**About this task**
Please set down exactly the lines of the listing below from the line containing "Besøg ved privat familier" through the line containing "Het team van ADO.", both lines included, leaving out all other lines.

**Data for this exercise**
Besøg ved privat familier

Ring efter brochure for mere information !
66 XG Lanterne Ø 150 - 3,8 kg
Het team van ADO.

---

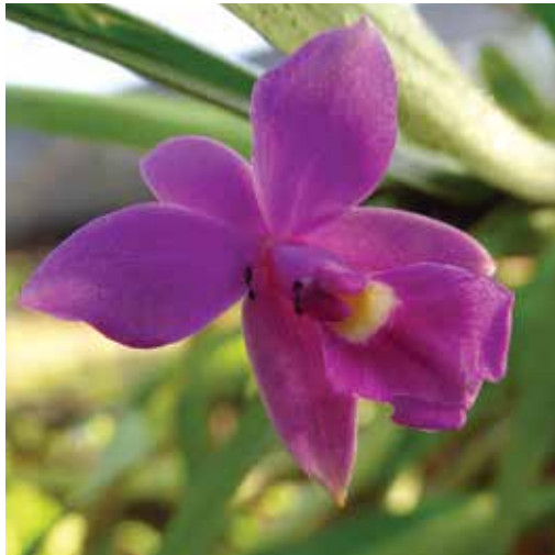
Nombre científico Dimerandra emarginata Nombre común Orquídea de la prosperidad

**Solved problem**
Besøg ved privat familier

Ring efter brochure for mere information !
66 XG Lanterne Ø 150 - 3,8 kg
Het team van ADO.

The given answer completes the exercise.